- _Assignment_
As an exercise in exact copying, transcribe the lines below from the one holding "Kız çocukları için" through the last, with both ends included and pictures left out.

- _Supplied data_
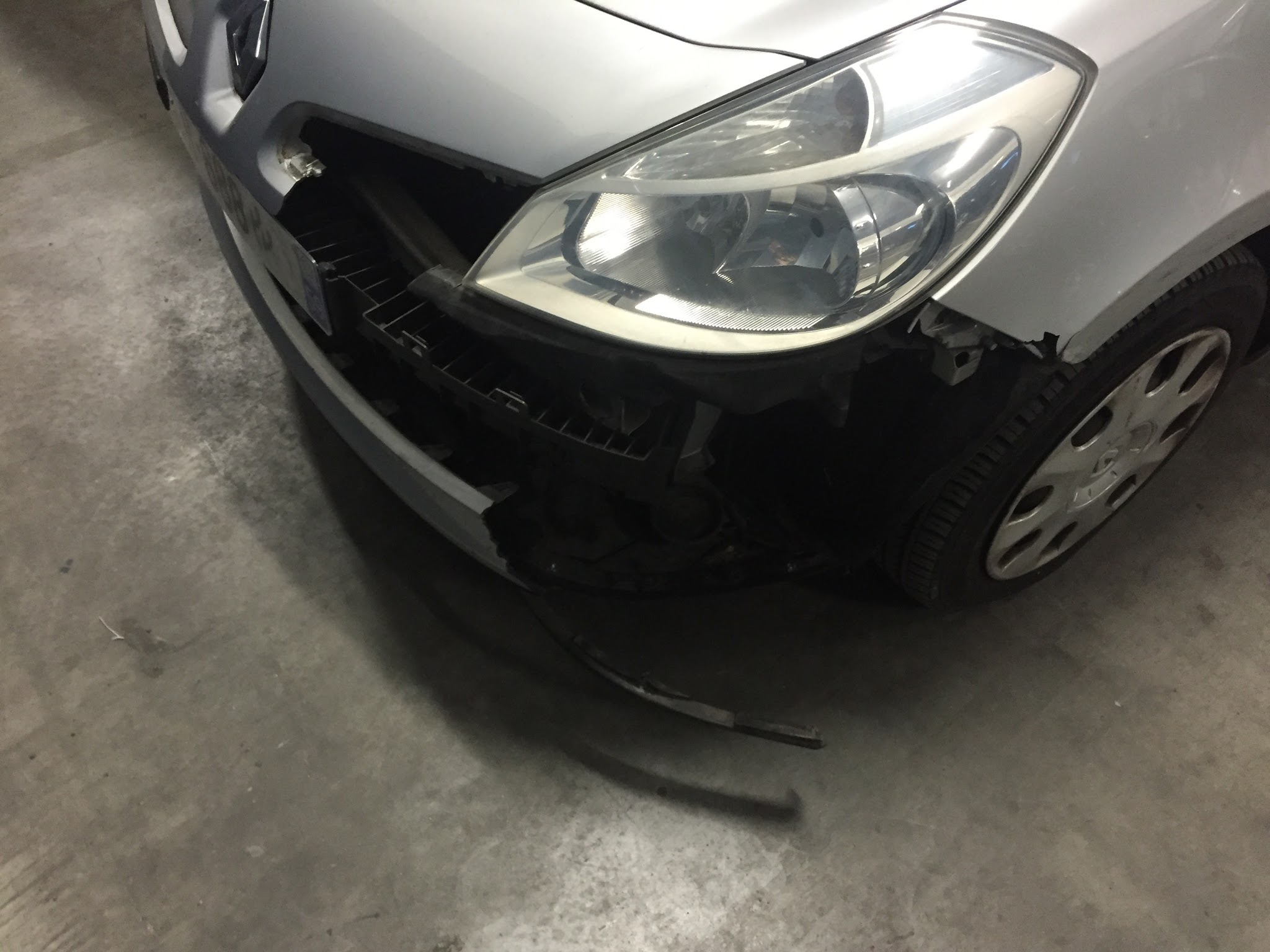 Véhicule pris en charge par le garage pour une expertise (pare-choc fendu mais parfaitement maintenu, plaque d'immatriculation cassée, aile rayée). Suite au rapport de l'expert je décide de ne pas effectuer les travaux à l'exception de la remise en état de la plaque d'immatriculation. Je règle donc la facture (20€), le carrossier m'avance fièrement le véhicule avec sa nouvelle plaque mais sans le pare-choc (non ce n'est pas une blague, photo en pj)... Garage Nullissime, du jamais vu : manager en carton qui n'assume pas ses responsabilités et préfère envoyer au front son staff de l'accueil, véhicule de prêt en mauvaise état, pièces démontées déposées sur le siège passager sans protection, nouveau pare-choc abimé...
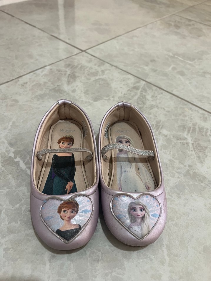 Kız çocukları için pembe tonlarda, baskılı karakter desenli ve tokalı bantlı babet ayakkabı. Esnek kauçuk tabanlıdır.
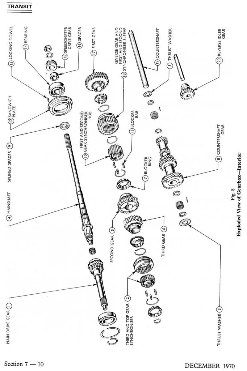 Strona z książki "Ford Transit Mk1 Workshop Manual" - 7 - skrzynia biegów i sprzęgło

- _Answer for this exercise_
 Kız çocukları için pembe tonlarda, baskılı karakter desenli ve tokalı bantlı babet ayakkabı. Esnek kauçuk tabanlıdır.
 Strona z książki "Ford Transit Mk1 Workshop Manual" - 7 - skrzynia biegów i sprzęgło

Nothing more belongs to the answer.